━━━━━ Data in this exercise
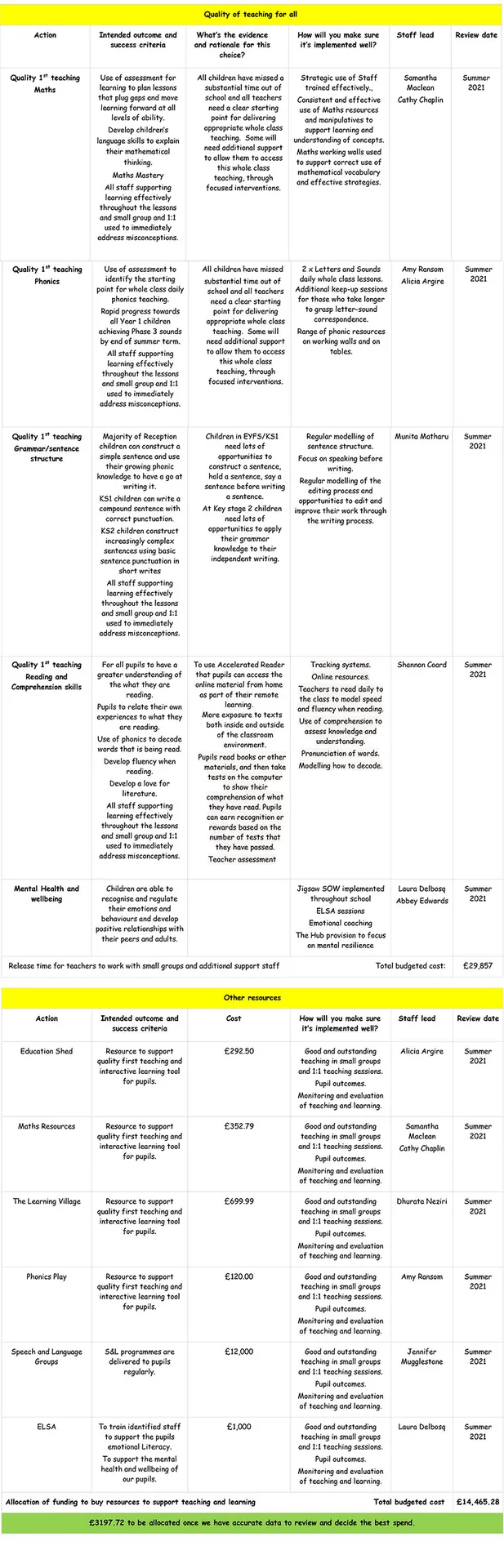 - Use evidence based research on proven strategies which work to narrow the attainment gaps and adapt these as necessary to meet the needs of our pupils.
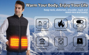Caffney Electric Heated Vest Heated Jacket USB Powered Thermal Vest Washable Unisex Winter Warm Heated Coat Fast Heating Vest for Men Women Multifunctional Heated Gilet for Cycling Skiing Camping Moto
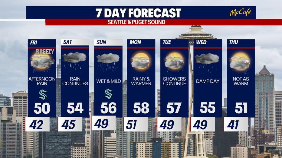 SEATTLE - Scattered rain remains around Western Washington Thursday evening and it's forecasted to dry out by overnight tonight.
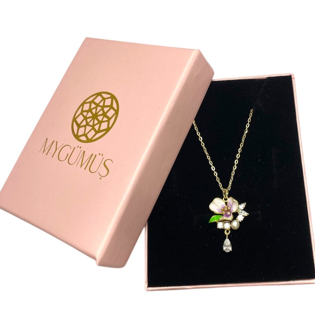 Taşlı Çiçek Gümüş Kolye MY102606
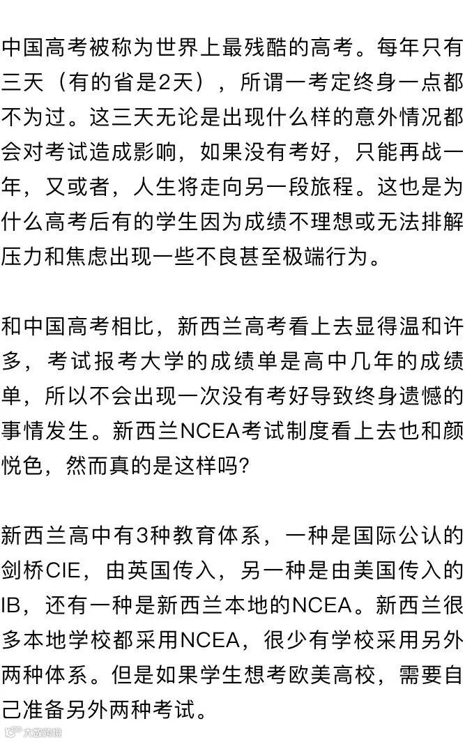 看了新西兰的“高考”制度,感觉哪的孩子都一样,都面临着各种升学考试压力。但是哪一种更有助于孩子今后的学习工作发展,乃至人生规划,我想,看完上面的文章,家长们都会有所思考。
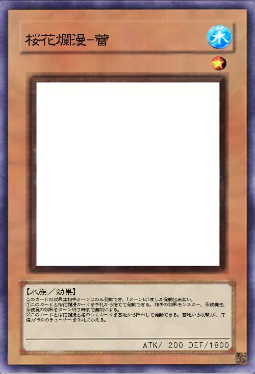 | このカードの効果は相手ターンにのみ発動でき、1ターンに1度しか発動出来ない。 ①このカードと桜花爛漫カードを手札から捨てて発動できる。相手の効果モンスター、永続魔法、永続罠の効果をターン終了時まで無効にする。 ②このカードと桜花爛漫と名のつくカードを墓地から除外して発動できる。墓地から攻撃力0、守備力1800のチューナーを手札に加える。 | |||
━━━━━━━━━━
=== Task directions ===
All of the material above must be retyped exactly, line for line, with the images dropped.

=== Response to the exercise ===
 - Use evidence based research on proven strategies which work to narrow the attainment gaps and adapt these as necessary to meet the needs of our pupils.
Caffney Electric Heated Vest Heated Jacket USB Powered Thermal Vest Washable Unisex Winter Warm Heated Coat Fast Heating Vest for Men Women Multifunctional Heated Gilet for Cycling Skiing Camping Moto
 SEATTLE - Scattered rain remains around Western Washington Thursday evening and it's forecasted to dry out by overnight tonight.
 Taşlı Çiçek Gümüş Kolye MY102606
 看了新西兰的“高考”制度,感觉哪的孩子都一样,都面临着各种升学考试压力。但是哪一种更有助于孩子今后的学习工作发展,乃至人生规划,我想,看完上面的文章,家长们都会有所思考。
 | このカードの効果は相手ターンにのみ発動でき、1ターンに1度しか発動出来ない。 ①このカードと桜花爛漫カードを手札から捨てて発動できる。相手の効果モンスター、永続魔法、永続罠の効果をターン終了時まで無効にする。 ②このカードと桜花爛漫と名のつくカードを墓地から除外して発動できる。墓地から攻撃力0、守備力1800のチューナーを手札に加える。 | |||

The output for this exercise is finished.